B. -gen, -phil, -phob, -thek. Dem entspricht, dass sich Konfixe phonologisch wie Wörter
verhalten, während Suffixe tendenziell keine eigenständigen phonologischen Wörter
darstellen und phonologisch mit Material des voraufgehenden Basiselements fusionieren
(vgl. E.lek.tro.+thek und e.lek.tr+isch). Das ist zwar kein scharfes Diagnoseinstrument, aber
immerhin eine Daumen-mal-Pi-Hilfe, die sehr umsichtig anzuwenden ist.
Völlig überzeugend ist dieses Verfahren allerdings nicht, denn im nativen Bereich sieht man,
dass Suffixe sowohl phonologisch worthaft (-heit, -lich) als auch phonologisch
unselbstständig sein können (-ig, -isch).
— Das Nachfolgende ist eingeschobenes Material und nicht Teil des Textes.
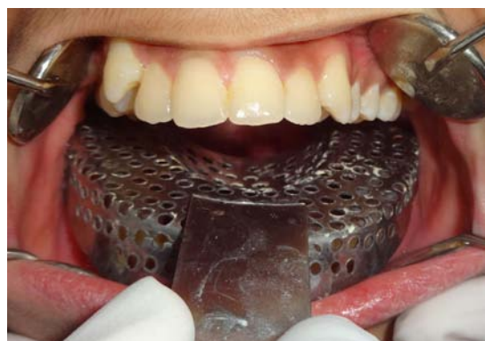
Figure 2: Intraoral view showing correct positioning of maxillary dentulous tray for taking impression of the mandibular arch.

Allerdings liegt die phonologische Worthaftigkeit
zumindest bei –heit und –lich daran, dass hier ehemalige Kompositionselemente (früher: lîch
‚*Gestalt’, vgl. heute Leich(e)) vorliegen, die infolge eines Grammatikalisierungsvorgangs in
die Kategorie der Suffixe übergegangen sind.